When the recovered orthologs were blasted against the NCBI nucleotide (nt) and protein (nr) databases, with only the first hit being recorded, there was an almost perfect positive correlation between the number of orthologs recovered and the number of arthropod hits (Table 6). Lower quality assemblies (i.e., low number SCO recovered), usually yielded a higher percentage of contaminant microorganism blast hits [data available at doi.org/10.25573/data.12659711].

Discussion

In this study we describe a successful combination of established wet laboratory protocols, with a bioinformatics pipeline that allowed for the recovery of complete mitochondrial genome sequences from all insect specimens, which had been previously collected 20–84 years ago (the latter, An. crucians B). This is remarkable considering the raw sequence data differed by over an order of magnitude and there was a large range in the number of nuclear SCO recovered (with only one SCO for one specimen). Despite being developed specifically for archive specimens, the Walter Reed Biosystematics Unit standard operating procedure (SOP) described here can also be applied to freshly collected, frozen, dried or ethanol-stored specimens.

The results presented highlight the advantage of the non-targeted short read DNA sequencing by reflecting the quality and availability of the starting material, avoiding long and laborious experimental hours in the search for genomic regions that might just be too degraded to be recovered by Sanger Sequencing [22] or by targeted enrichment approaches [21]. Specimen age (calculated based on collection date) also appears irrelevant to the results obtained, increasing the utility of archive insect collections for genetic studies. Personal field-to-lab observation by the authors lead to the hypothesis that the preserving procedure to which each specimen is subjected prior to being vouchered and deposited in the collection, rather than age, are likely very important factors.

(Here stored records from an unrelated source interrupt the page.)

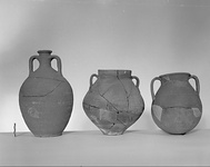 | Description: | Part of one handle and fragments of mouth and body missing. Restored in plaster. Round bottom; body and neck form continuous curve; wide mouth. Clay buff, rather gritty and micaceous. Remains of pale buff slip. | |
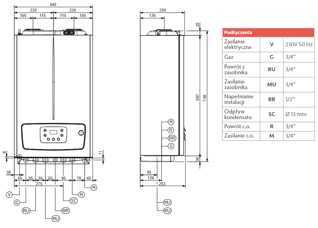 | Wymiary (wys/szer/głęb): | 748 x 440 x 250 mm |
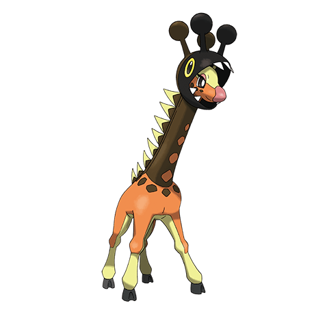 The hardened head from the tail protects the head of the main body as Farigiraf whips its long neck around to headbutt enemies.
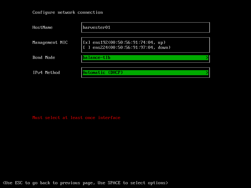 - Configure the hostname and select the network interface for the management network. By default, Harvester will create a bonded NIC named harvester-mgmt, and the IP address can either be configured via DHCP or a static method. iso-installed.png
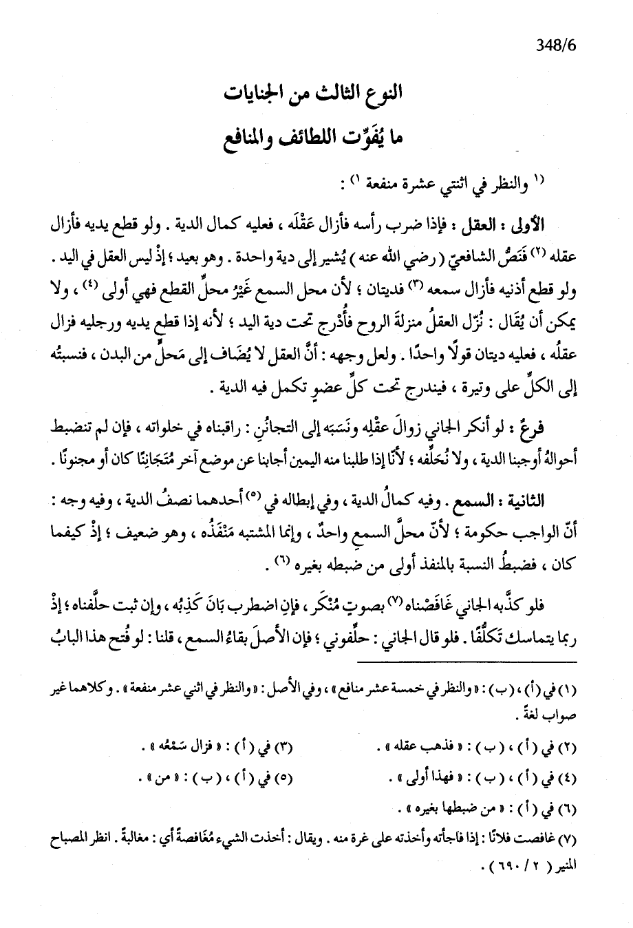 النَّوْع الثَّالِث من الْجِنَايَات مَا يفوت اللطائف وَالْمَنَافِع
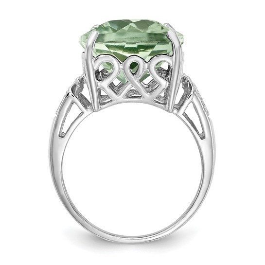 Green quartz and diamond ring is made of polished sterling silver. Gemstone ct weight: 14.1. 18mm x 13mm cushion cut stone. Diamond ct weight: 0.02. Available in whole sizes 5-10 only. Imported. Weight: 3.5 grams.
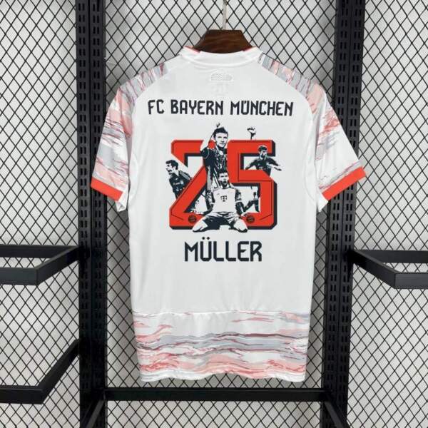 Homenaje especial: En la parte trasera luce el número 25 con ilustraciones icónicas de Thomas Müller, celebrando su legado con el club.
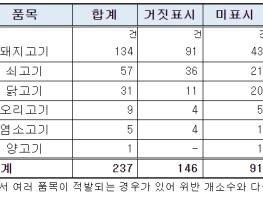 [중앙방송, 손미정기자] 국립농산물품질관리원은 여름 휴가철을 맞아 7월 17일부터 8월 18일까지(33일간) 축산물 원산지 표시에 대한 집중 단속을 실시한 결과 위반업체 209개소(237건)를 적발했다.
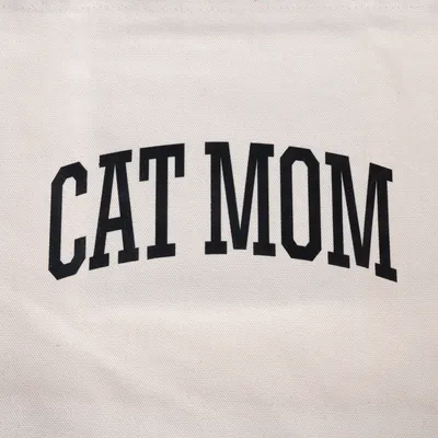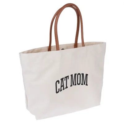 Handlenett i lerret for kattefans,lange avrundede håndtak, stor kapasitet, perfekt for shopping, "Cat Mom"-trykk, med liten innerlomme, lukkes med trykknapp,  farge: beigefor mer informasjon
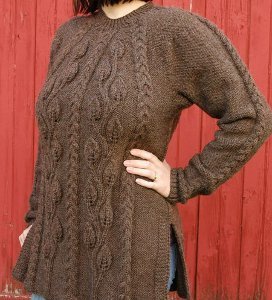 The Winter Woods Tunic is the perfect winter weekend sweater. This pretty knit sweater pattern has a beautiful cable stitch design with a lovely row of stitched leaves. You'll love cozying up on the couch with a good book wearing this sweater because it's so soft and warm. The best part about The Winter Woods Tunic is that it's slightly over-sized and longer than the traditional sweater, perfect for keeping you nice and toasty all season long.
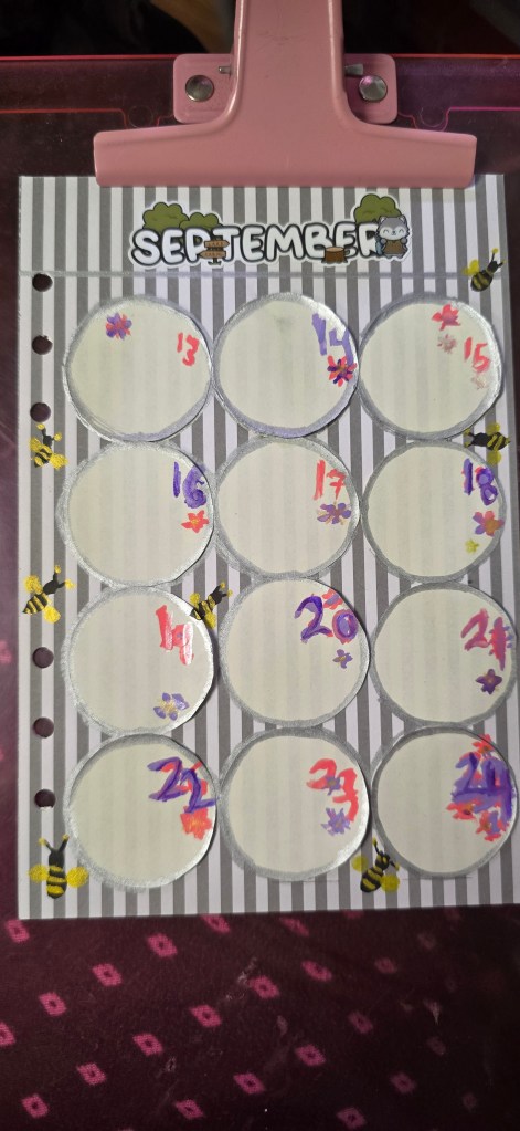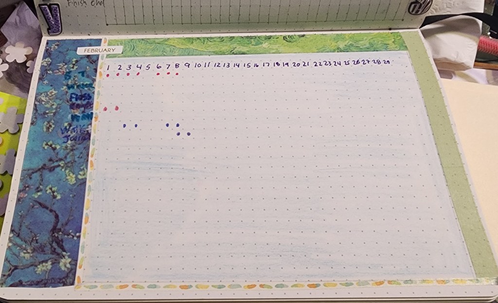 The above is the start of the month, which is the calendar of the whole month. this is were appointments, birthdays, and events that are preplanned.
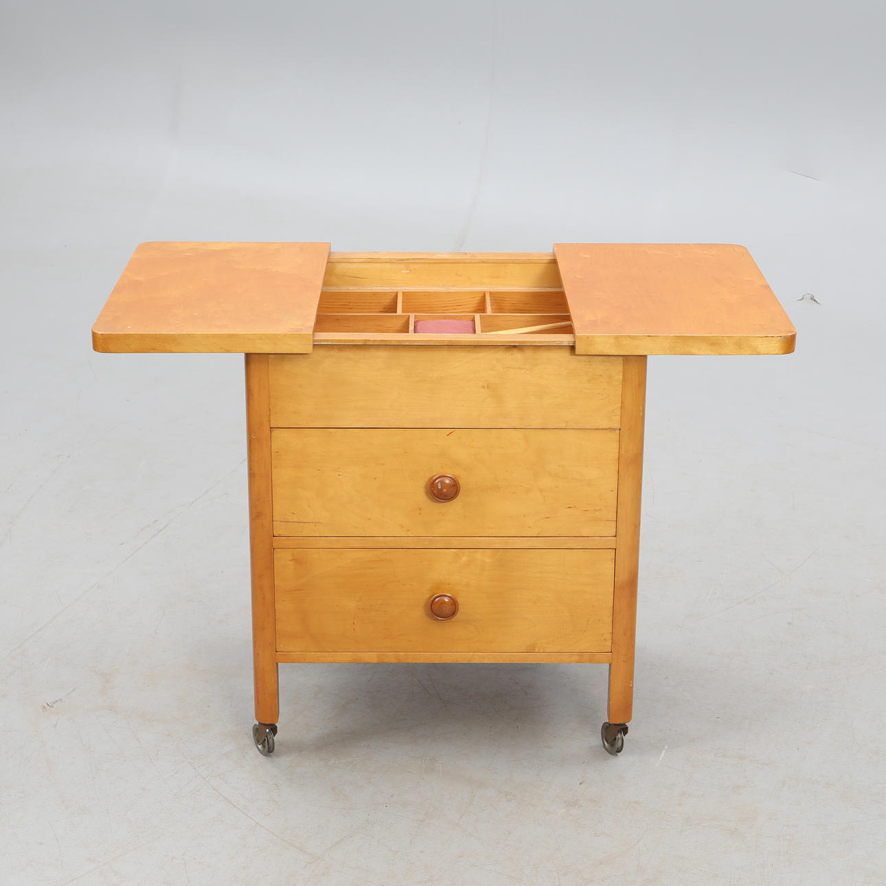 3091850. NÄHTISCH auf Rollen, ausziehbare Scheibe.
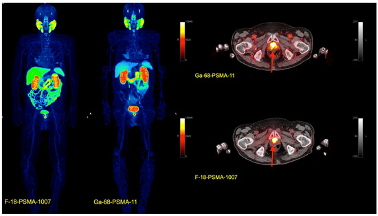 - Giesel, F.L.; Knorr, K.; Spohn, F.; Will, L.; Maurer, T.; Flechsig, P.; Neels, O.; Schiller, K.; Amarai, H.; Weber, W.A.; et al. Detection Efficacy of 18F-PSMA-1007 PET/CT in 251 Patients with Biochemical Recurrence of Prostate Cancer After Radical Prostatectomy. J. Nucl. Med. 2019, 60, 362–368. [Google Scholar] [CrossRef]
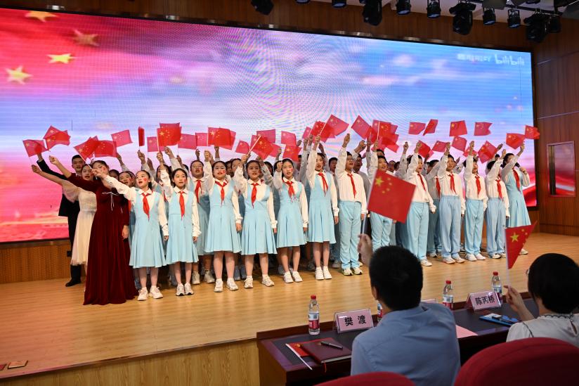 “祖國啊,祖國,我深深地愛著我的祖國!”,二中廣雅中學的師生帶來的沉浸式歌舞朗誦《歌唱祖國》,將活動推向高潮,他們用少年之聲與歷史回響隔空對話,點燃全場愛國熱情。

It is incredible to observe that, regardless of specimen age or insect size, this methodology allowed for the assembly of complete mitochondrial genomes for all the dry, pinned specimens studied, compounded with the advantage of extracting nuclear SCO, and possibly other nuclear genes of interest, depending on the reference sequence used.

Illustrating the lack of correlation between the age of the specimen and the quality of the sequencing results, the highest number of SCO was recovered from a specimen 42 years old (An. ininii– 3,367 arthropod SCO), a better result than for the most recent specimen (An. albitarsis F– 2,188 arthropod SCO). Specimen size, and consequently amount of DNA extracted, was not a predictor of assembly contiguity or recovery of orthologs. For the much larger triatomines, only 0.05–13.3% of all arthropod SCO from the Hemiptera database were recovered; while for the mosquitoes between 0.02–93.2% of all arthropod SCO from the Diptera database were recovered. In addition, multicopy genes (e.g., nuclear ribosomal genes), which were not identified here, may be useful for phylogenetic analysis. While the mitochondrial genome was used here as an example for the reference guided assembly, in future applications, any genomic region can be used as reference. It is important to note that, in this case, results will depend on sequenced genomic DNA availability.

The BLAST results, however, highlight the need for caution with the Orthograph [29] recovered SCO. While Orthograph has been widely used to identify putative orthologous groups [3336], it also can infer putative homology even from distantly related species. As such, contaminants that are not cleaned from assemblies may be misidentified as orthologs in the organism of interest (e.g., see blast results for the T. dimidiata s.l. specimens). Particularly in the case of museum specimens, where contaminant DNA (e.g., fungi) could be as abundant as target DNA, care should be taken to verify the identity of contigs in assemblies or Orthograph putative orthologs, against a larger database of nucleotide or protein sequences, such as with NCBI BLAST.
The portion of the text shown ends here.